Instrumental composition by Eric Johnson

"Cliffs of Dover" is an instrumental rock composition by the American guitarist, singer and songwriter Eric Johnson, released on his 1990 studio album Ah Via Musicom. Johnson had performed it as early as 1984.

The album version is composed in the key of G major. It was played with a Gibson ES-335 (as well as a Fender Stratocaster) through a B. K. Butler Tube Driver and an Echoplex plugged into a 100-watt Marshall amplifier. The composition takes its name from the White Cliffs of Dover, a coastline in southern England.

== Structure ==
"Cliffs of Dover" begins with an ad-libbed electric guitar solo, using techniques such as string skipping and hybrid picking. In the solo intro, Johnson does not adhere to any distinct time signature. Drums are added as the composition settles into a 4/4 rhythmic shuffle verse accompanied by a very accessible set of melodies that, throughout the intro, feature variations (octavations for example) on the main chorus.

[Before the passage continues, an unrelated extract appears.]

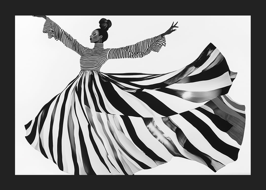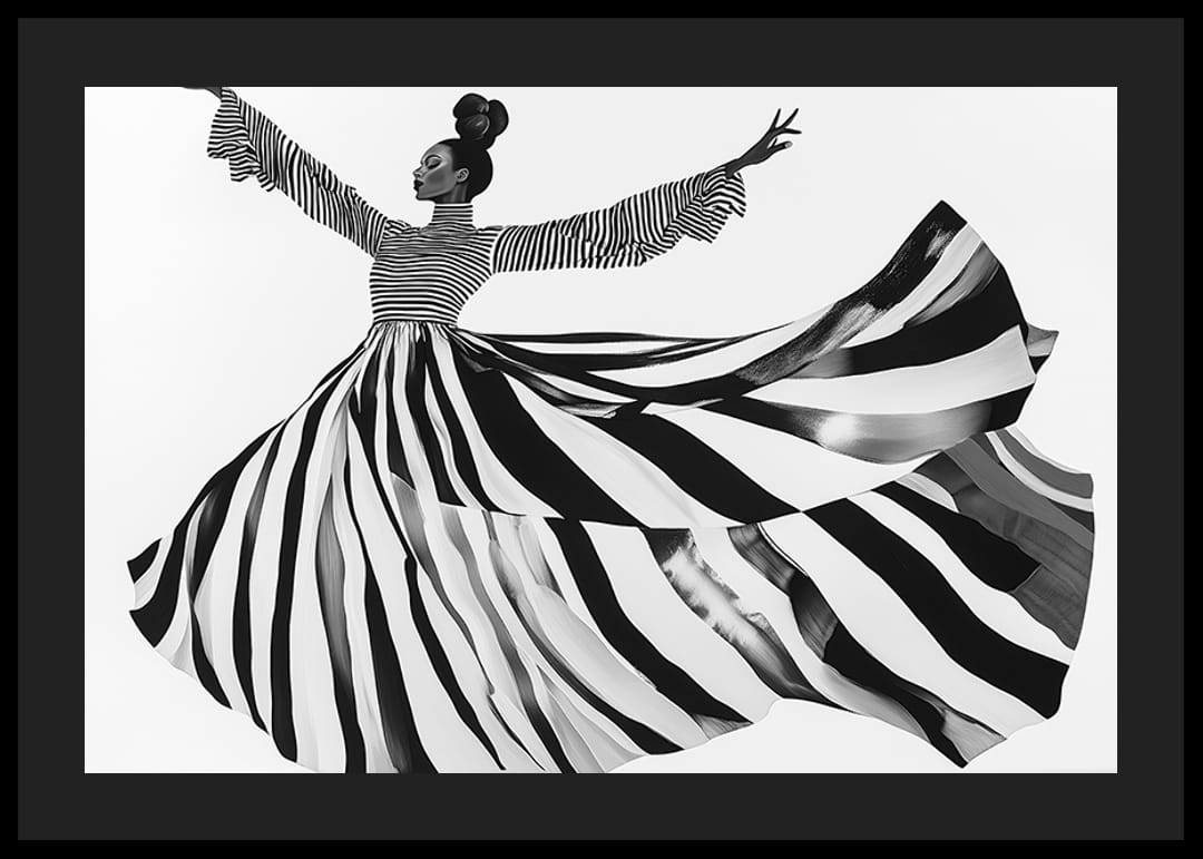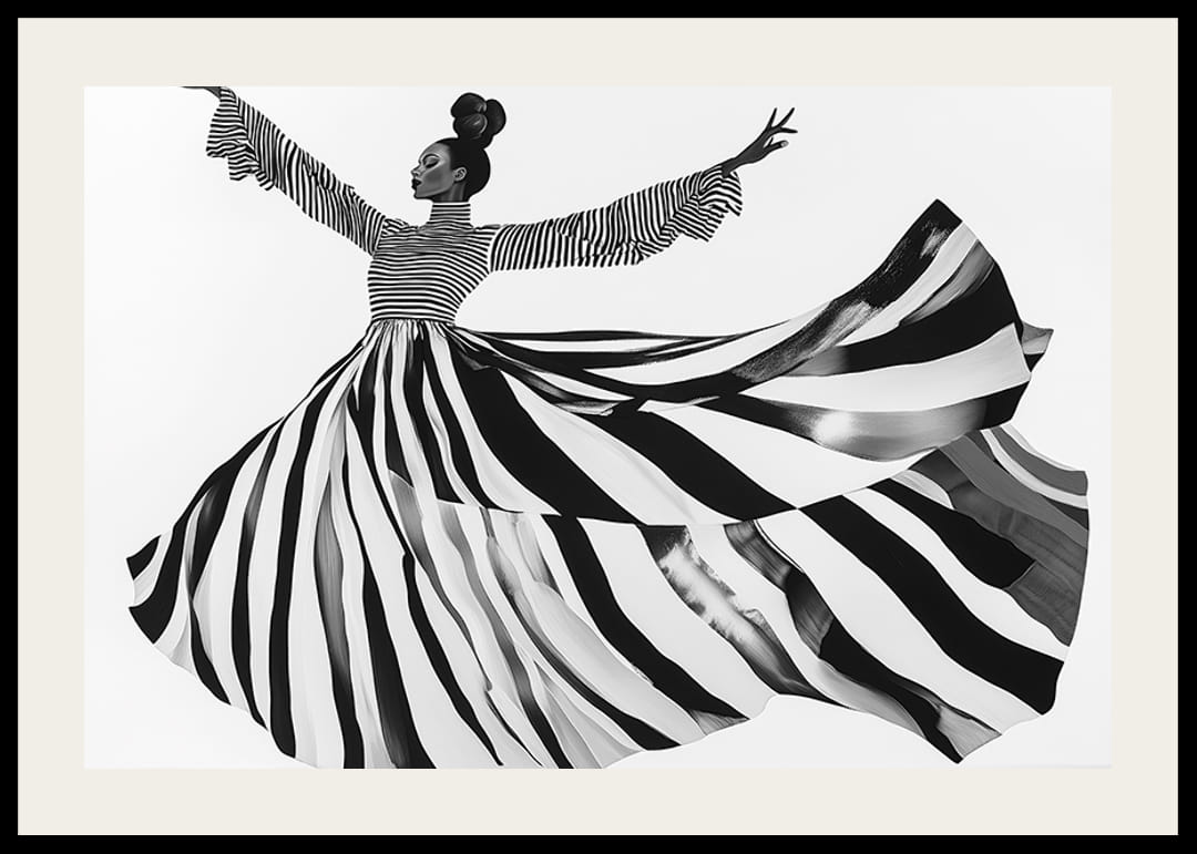 Com uma simplicidade cativante, este póster capta listras pretas e brancas numa dança hipnótica. O contraste cria um movimento dinâmico que parece flutuar e girar num momento de elegância intemporal.

The outro or coda then recalls the freestyle mood and timing of the ad-libbed intro.

While he did indeed compose "Cliffs of Dover", Johnson does not take full credit, saying "I don't even know if I can take credit for writing 'Cliffs of Dover' ... it was just there for me one day ... literally wrote in five minutes ... kind of a gift from a higher place that all of us are eligible for. We just have to listen for it and be available to receive it."

== Equipment ==
Johnson has stated that the guitar he used in the intro before the band kicks in is a 1954 Strat (possibly "Virginia"). When the band comes, the guitar is a stop-tail Gibson ES-335 (either a 1963 or 1964) until the solo. The first part of the solo Johnson recorded with ES-335 was cut out and replaced with a Stratocaster through a 1980s Tube Driver. Halfway through the solo, around 3:03, a change in tone occurs when the guitar switches back to the original Gibson lead track. He got playful remarks about it from engineer Richard Mullen, saying "You can't do that!" but it was agreed that it sounded like Johnson simply enabled an effect pedal halfway through the solo.

== Accolades ==
"Cliffs of Dover" was voted number 17 in Guitar World magazine's list of 100 Greatest Guitar Solos, placing it between 16, "Heartbreaker" (by Led Zeppelin) and 18 "Little Wing" (by The Jimi Hendrix Experience).

In 1992, "Cliffs of Dover" won a Grammy Award for Best Rock Instrumental Performance, beating the Allman Brothers Band ("Kind of Bird"), Danny Gatton ("Elmira Street Boogie"), Rush ("Where's My Thing?"), and Yes ("Masquerade").